■ **Your objective**:
Quote each line of the material verbatim, without the pictures.

■ **Dataset excerpt**:
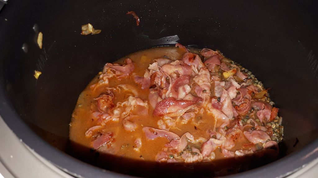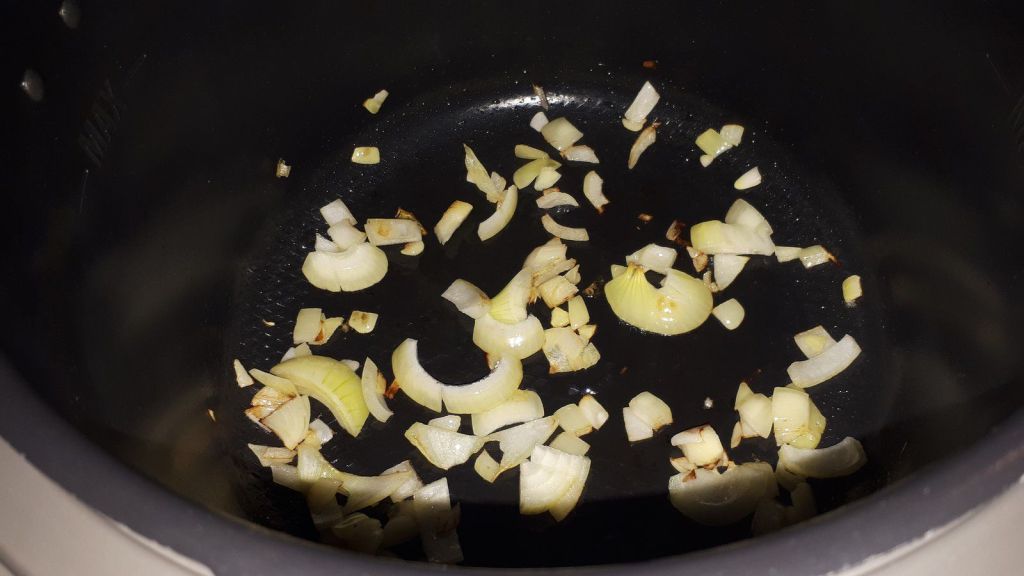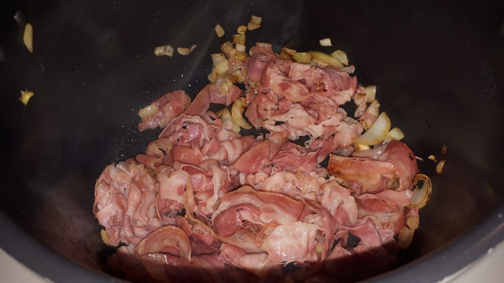 - Mettre le Cookéo en mode dorer, éplucher et ciseler votre oignon, le faire dorer dans l’huile d’olive environ 1 minute, mélanger ajouter la pancetta et laisser dorer 3 minutes en remuant régulièrement.
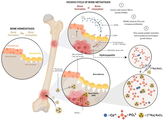 Representation of the vicious cycle of bone metastases and the distribution of radium-223 in the bone ([223Ra] RaCl2’s mechanism of action). Image created with https://www.biorender.com.
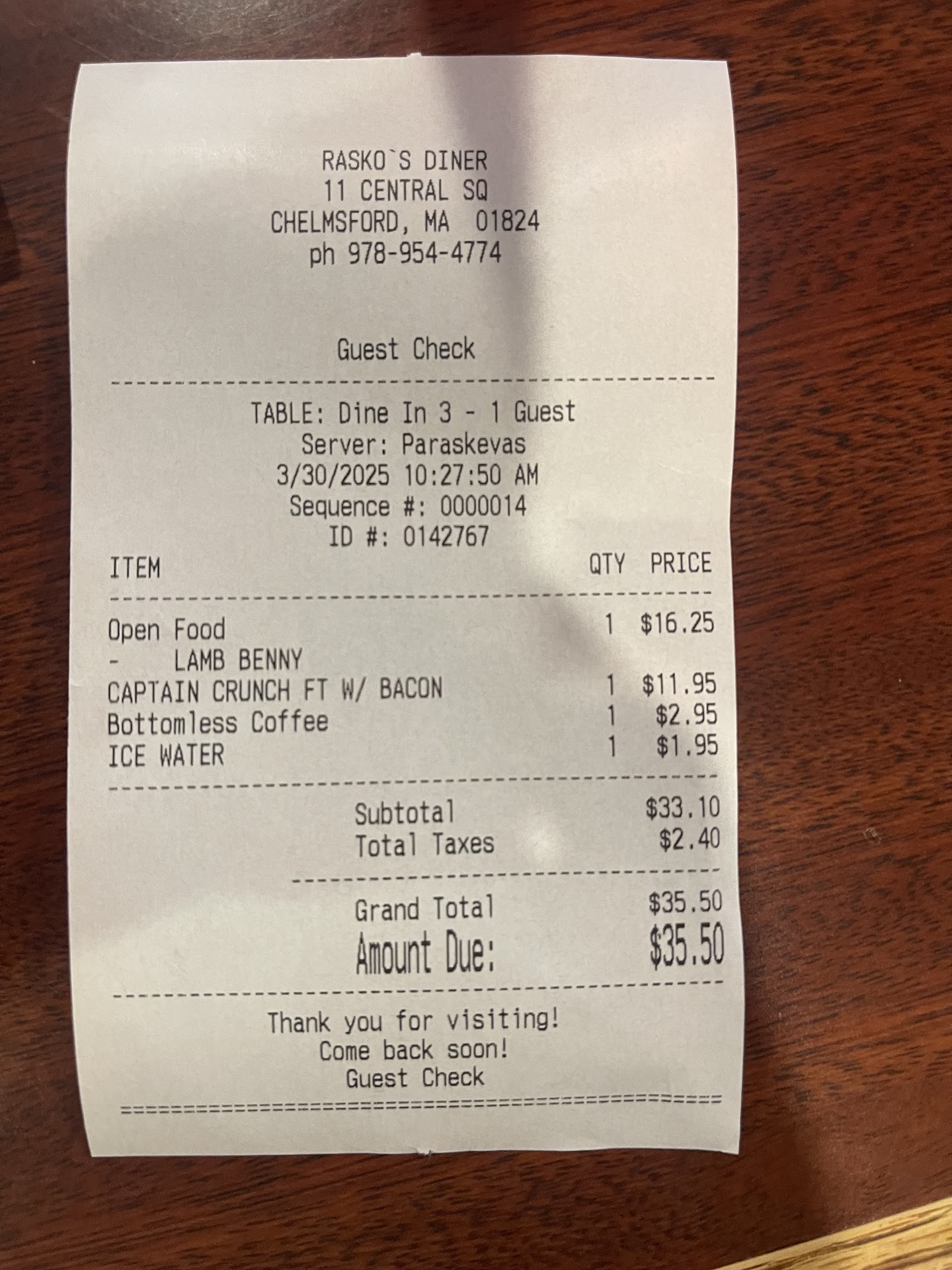 We went there after seeing on-line that they were a nearby diner that had 4.2 stars. The 3 reviews that came up on the main screen were all positive. Now that we have been there, we wish we had first read more individual reviews. I'm hoping to remember this lesson next time (and the time after that).
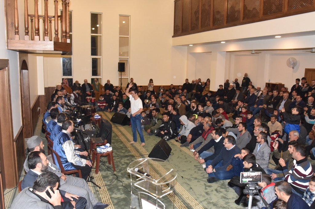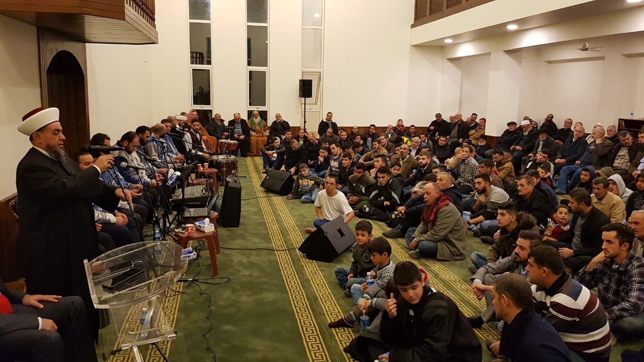 بدأت الأمسية بآي من الذكر للحكيم للمقرىء طليع ياسين، فترحيب من الشيخ عماد خضر بالفرقة التي جاءت من بلاد الشام لتحيي هذا الإحتفال، “بانشيد تطرب لها الآذان، وتفوح منها رائحة المحبة لنبي الله صلى الله عليه وسلم”.

■ **Answer box**:
 - Mettre le Cookéo en mode dorer, éplucher et ciseler votre oignon, le faire dorer dans l’huile d’olive environ 1 minute, mélanger ajouter la pancetta et laisser dorer 3 minutes en remuant régulièrement.
 Representation of the vicious cycle of bone metastases and the distribution of radium-223 in the bone ([223Ra] RaCl2’s mechanism of action). Image created with https://www.biorender.com.
 We went there after seeing on-line that they were a nearby diner that had 4.2 stars. The 3 reviews that came up on the main screen were all positive. Now that we have been there, we wish we had first read more individual reviews. I'm hoping to remember this lesson next time (and the time after that).
 بدأت الأمسية بآي من الذكر للحكيم للمقرىء طليع ياسين، فترحيب من الشيخ عماد خضر بالفرقة التي جاءت من بلاد الشام لتحيي هذا الإحتفال، “بانشيد تطرب لها الآذان، وتفوح منها رائحة المحبة لنبي الله صلى الله عليه وسلم”.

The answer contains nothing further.